- Extracted records
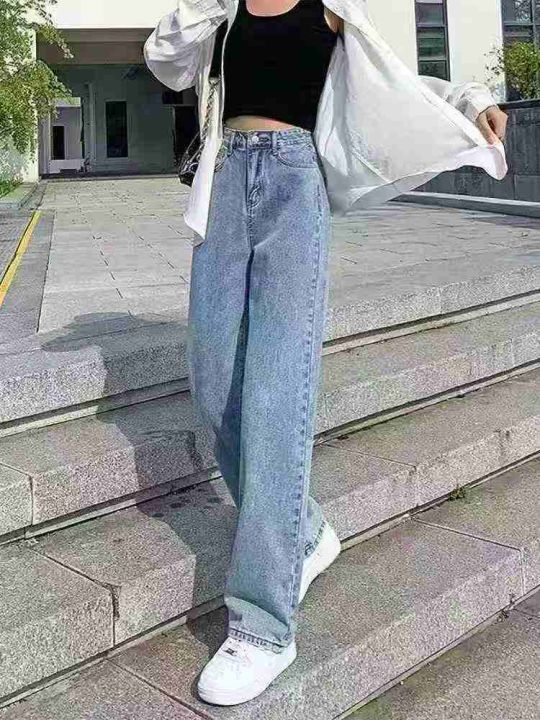 新款爆款高腰牛仔裤女大码宽松直筒裤阔腿裤220件,图...
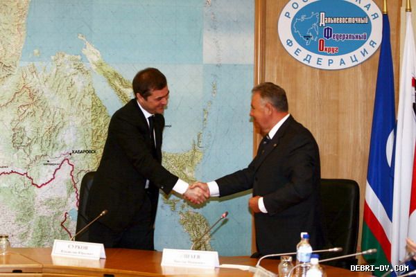 Сегодня в Хабаровске первый заместитель руководителя Администрации президента РФ Владислав Сурков представил полпреда в ДФО Виктора Ишаева руководителям органов исполнительной власти субъектов федерации Дальнего Востока.
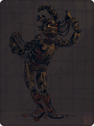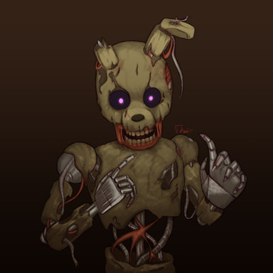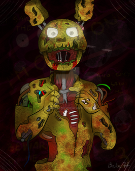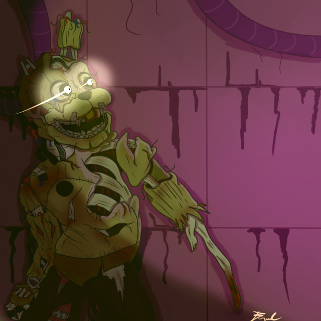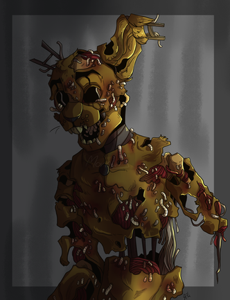 I'm working on the others, but screw it SpringTrap is more important! >:II always kind of wanted them to look intentionally nasty, like just full of gross and smelling like rats, DEATH, and old soda. I mean the Phone Guy says twice that they stink and I can't buy it looking at them, they look like someone cleans them at least once a week, even the withered animatronics look kinda clean. I mean I draw 'em cute but I prefer to draw creepy/cute and look at gorey nasty. And that's Springtrap, he's gross, nasty, falling apart at the nails, and I genuinely want to hug him till his head falls off... or he strangles me.
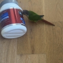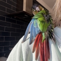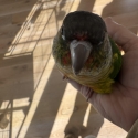 Peewee is affectionate, loves snuggles and training, flys around the house and showers in the sink. Makes friends with strangers easily.
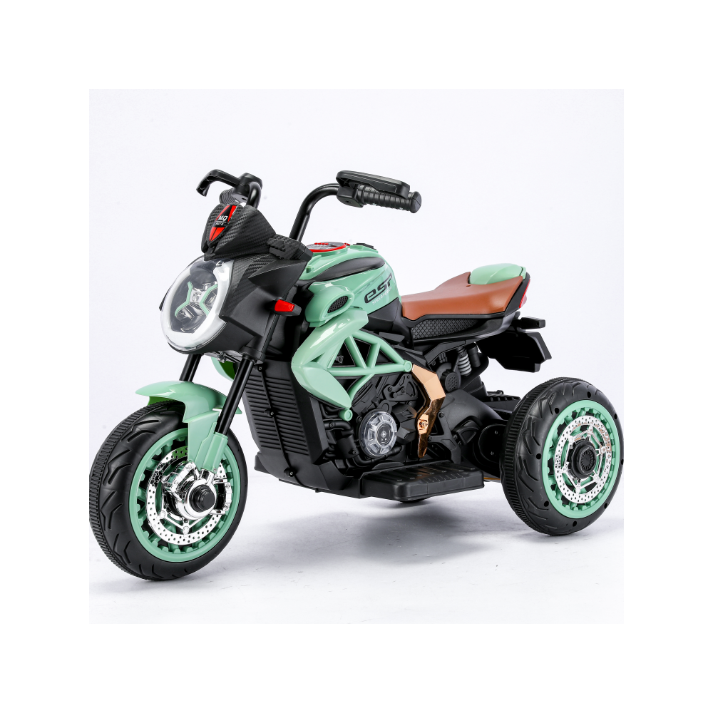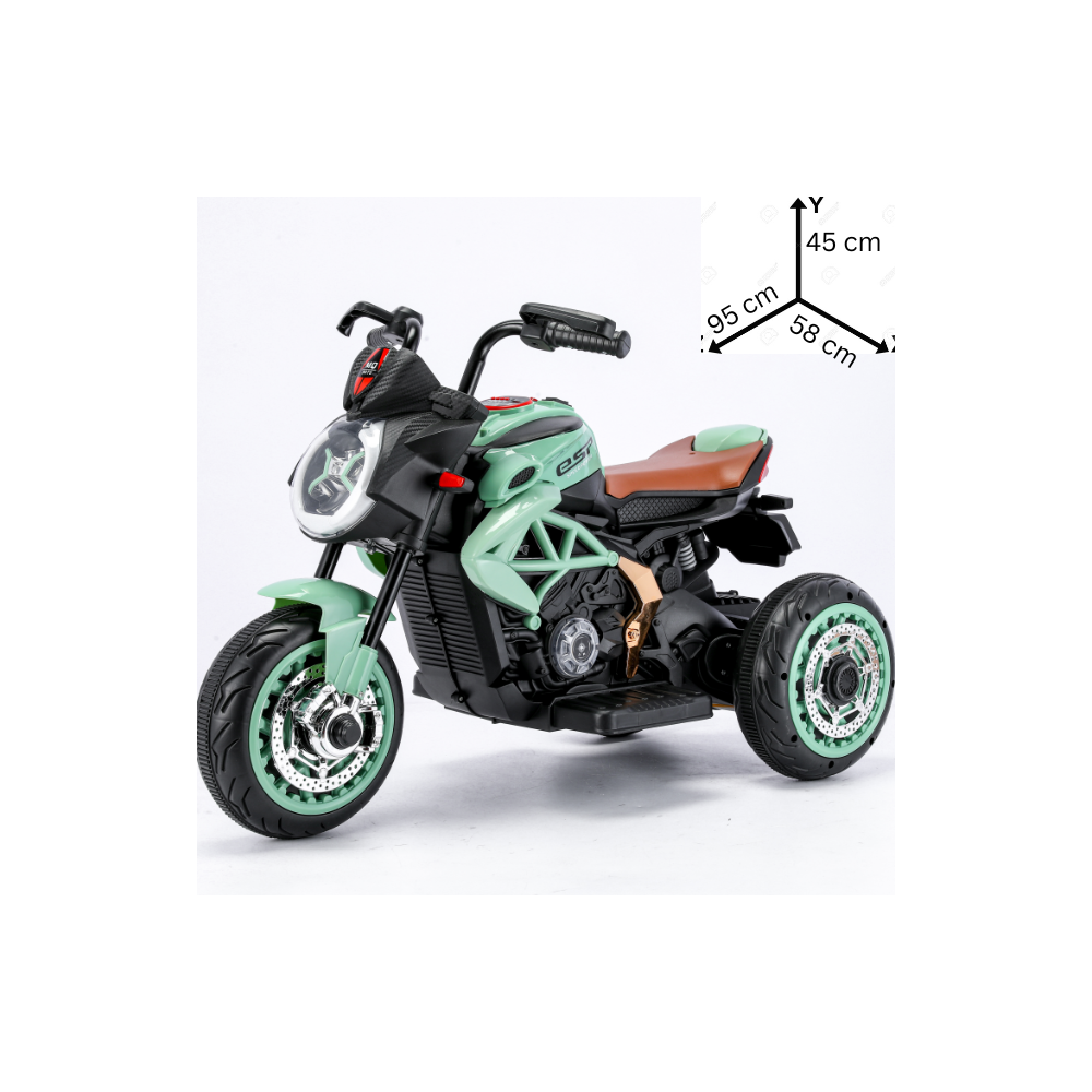 Moto électrique pour enfants au design blanc, parfaite pour une conduite stable tout-terrain.Équipée de trois roues robustes et d’un look sportif, idéale pour les jeunes aventuriers.

- What the task asks
Pictures stay out; everything else in the records above gets copied exactly.

- Exercise output
 新款爆款高腰牛仔裤女大码宽松直筒裤阔腿裤220件,图...
 Сегодня в Хабаровске первый заместитель руководителя Администрации президента РФ Владислав Сурков представил полпреда в ДФО Виктора Ишаева руководителям органов исполнительной власти субъектов федерации Дальнего Востока.
 I'm working on the others, but screw it SpringTrap is more important! >:II always kind of wanted them to look intentionally nasty, like just full of gross and smelling like rats, DEATH, and old soda. I mean the Phone Guy says twice that they stink and I can't buy it looking at them, they look like someone cleans them at least once a week, even the withered animatronics look kinda clean. I mean I draw 'em cute but I prefer to draw creepy/cute and look at gorey nasty. And that's Springtrap, he's gross, nasty, falling apart at the nails, and I genuinely want to hug him till his head falls off... or he strangles me.
 Peewee is affectionate, loves snuggles and training, flys around the house and showers in the sink. Makes friends with strangers easily.
 Moto électrique pour enfants au design blanc, parfaite pour une conduite stable tout-terrain.Équipée de trois roues robustes et d’un look sportif, idéale pour les jeunes aventuriers.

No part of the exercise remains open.